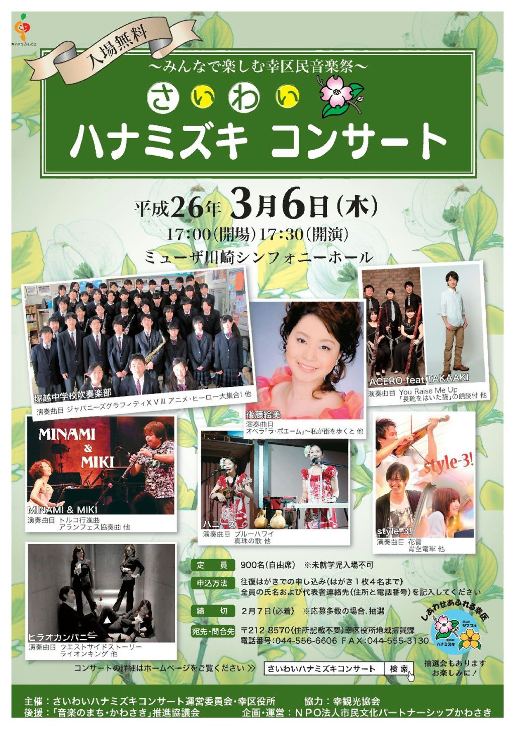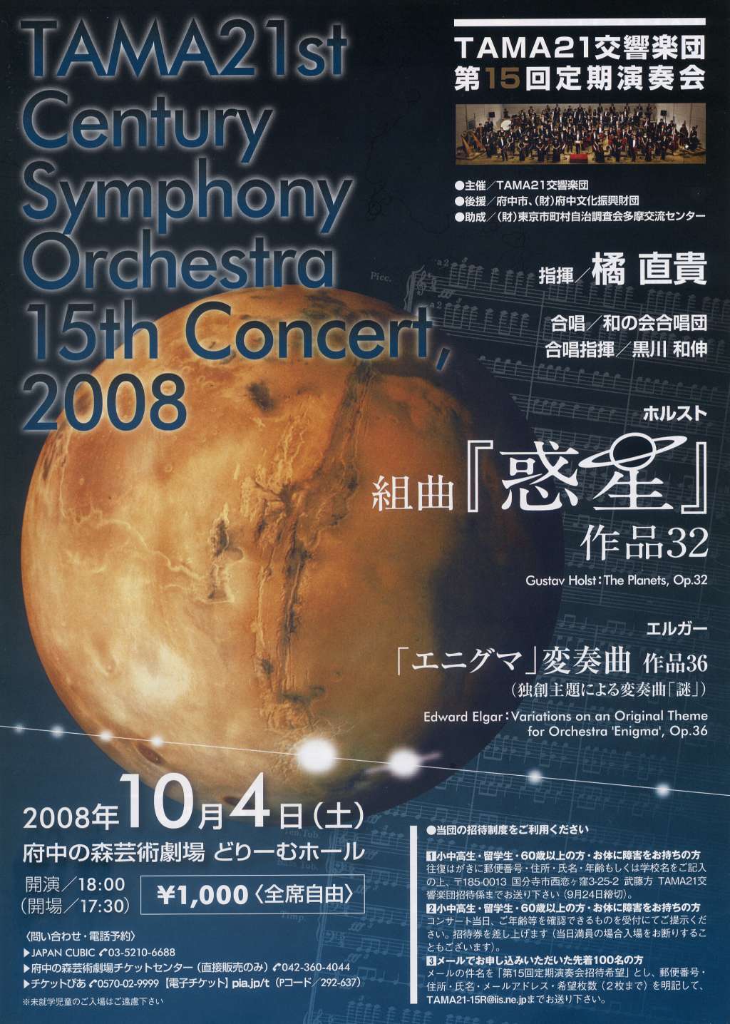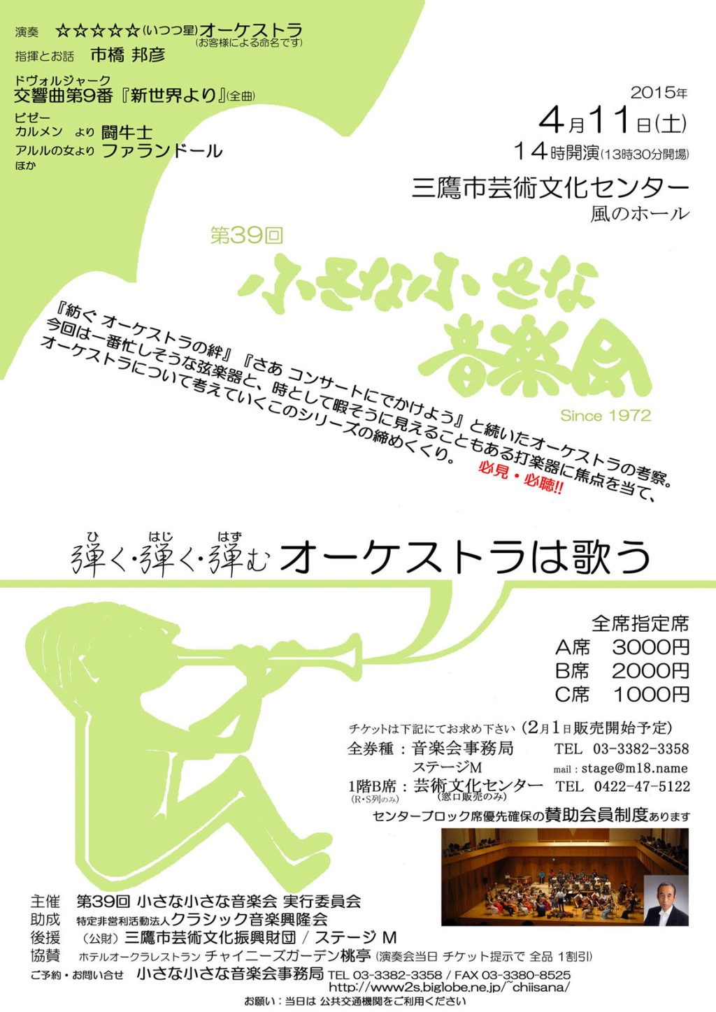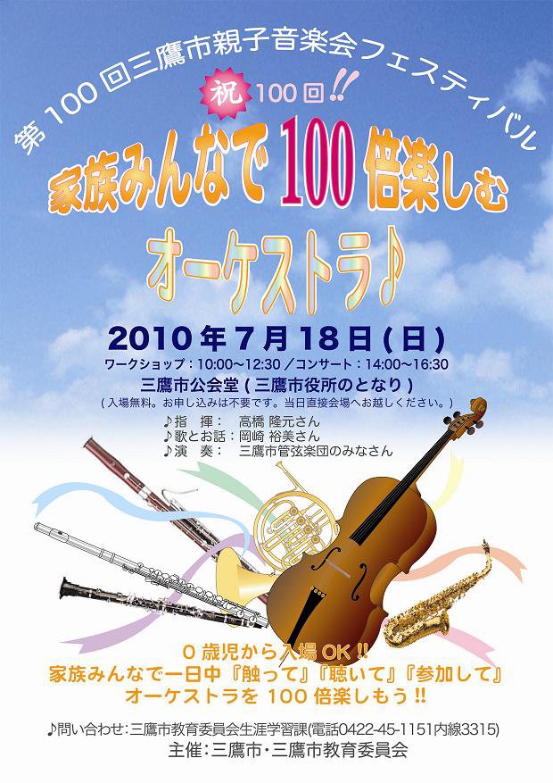 指揮:山田和樹 歌と司会:倉橋宇多子 企画:西川美緒 管弦楽:三鷹市管弦楽団 サックスで出演 |
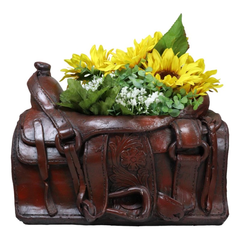 • Add some flair to your home with this awesome vase/tabletop accent. Intricately detailed, the horse saddle features faux leather finishing with a rugged appeal! Use it as a vase for your plants/flowers, or as planters. The possibilities are endless when you put your Wild Wild West imagination to work!
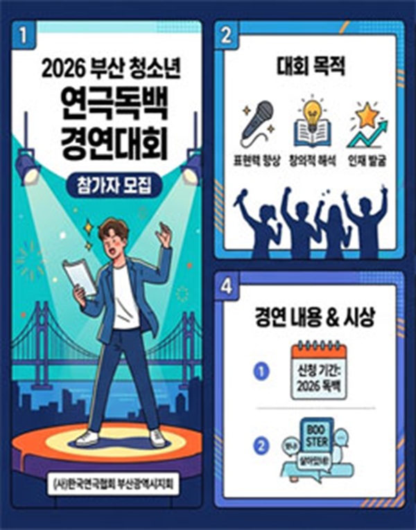미래 연극계를 이끌어 갈 인재를 발굴·육성하기 위하여 다음과 같이 「2026 부산 청소년 연극독백 경연대회」 참가자를 모집합니다.

## What you are asked to do
Give every line above again exactly, with no pictures.

## Output
 指揮:山田和樹 歌と司会:倉橋宇多子 企画:西川美緒 管弦楽:三鷹市管弦楽団 サックスで出演 |
 • Add some flair to your home with this awesome vase/tabletop accent. Intricately detailed, the horse saddle features faux leather finishing with a rugged appeal! Use it as a vase for your plants/flowers, or as planters. The possibilities are endless when you put your Wild Wild West imagination to work!
미래 연극계를 이끌어 갈 인재를 발굴·육성하기 위하여 다음과 같이 「2026 부산 청소년 연극독백 경연대회」 참가자를 모집합니다.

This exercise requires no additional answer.